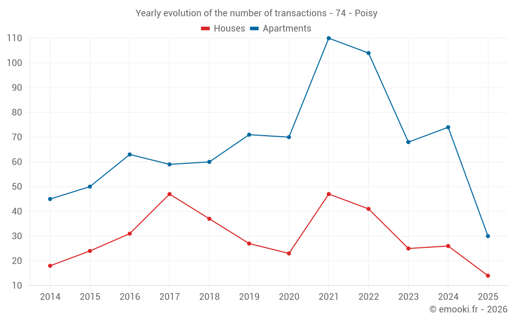 The median price on the 30 apartment transactions of the last 6 months in the municipality of Poisy was 5 170 € per square meter for a median property value of 322 500 €. Over this period, 60% of transactions were between 3 510 and 5 978 € per square meter (from the 2nd to the 8th deciles).
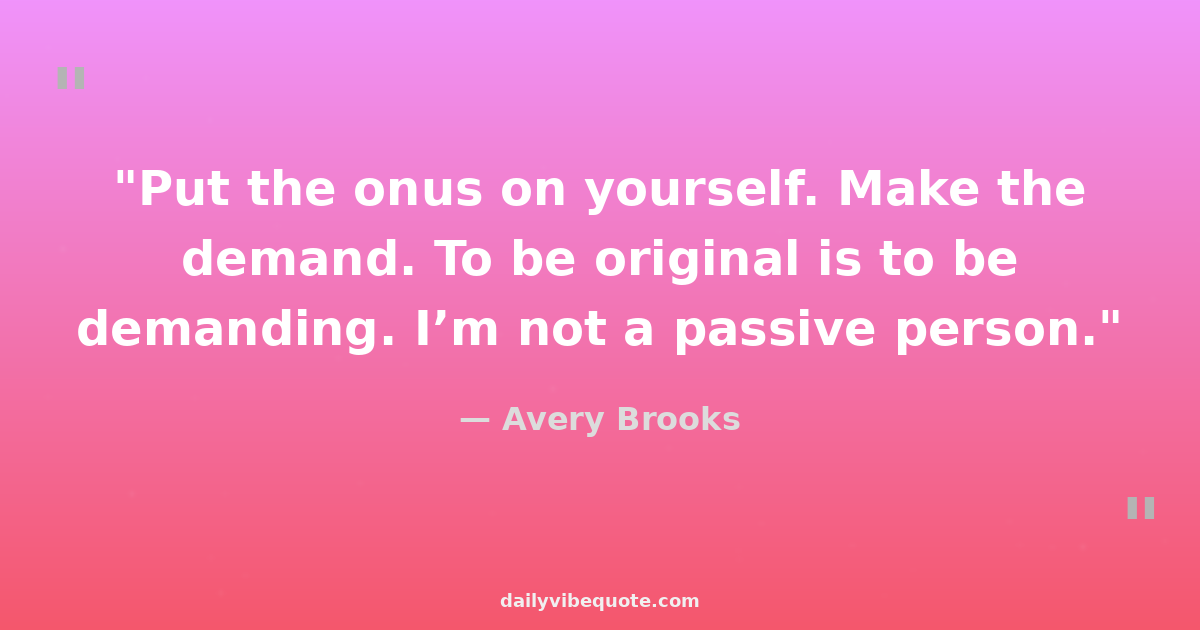 "Put the onus on yourself. Make the demand. To be original is to be demanding. I’m not a passive person."
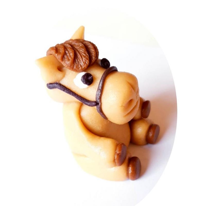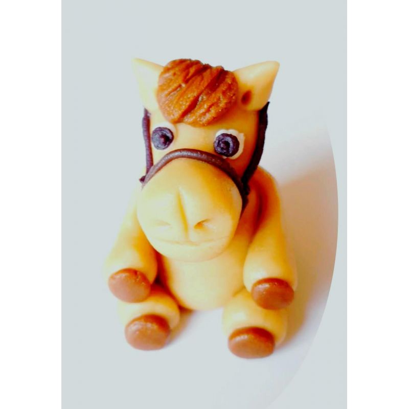 Ručně modelovaná 3D postavička koně. Na výrobu byla použita modelovací kokosová hmota s příchutí a aroma sladkých mandlí. Lze s ní ozdobit dorty, rolády, zákusky a další.

+++

> [ABOUT THIS EXERCISE]:
Leave the pictures out and return the rest of the listing exactly.

> [WORKED SOLUTION]:
 The median price on the 30 apartment transactions of the last 6 months in the municipality of Poisy was 5 170 € per square meter for a median property value of 322 500 €. Over this period, 60% of transactions were between 3 510 and 5 978 € per square meter (from the 2nd to the 8th deciles).
 "Put the onus on yourself. Make the demand. To be original is to be demanding. I’m not a passive person."
 Ručně modelovaná 3D postavička koně. Na výrobu byla použita modelovací kokosová hmota s příchutí a aroma sladkých mandlí. Lze s ní ozdobit dorty, rolády, zákusky a další.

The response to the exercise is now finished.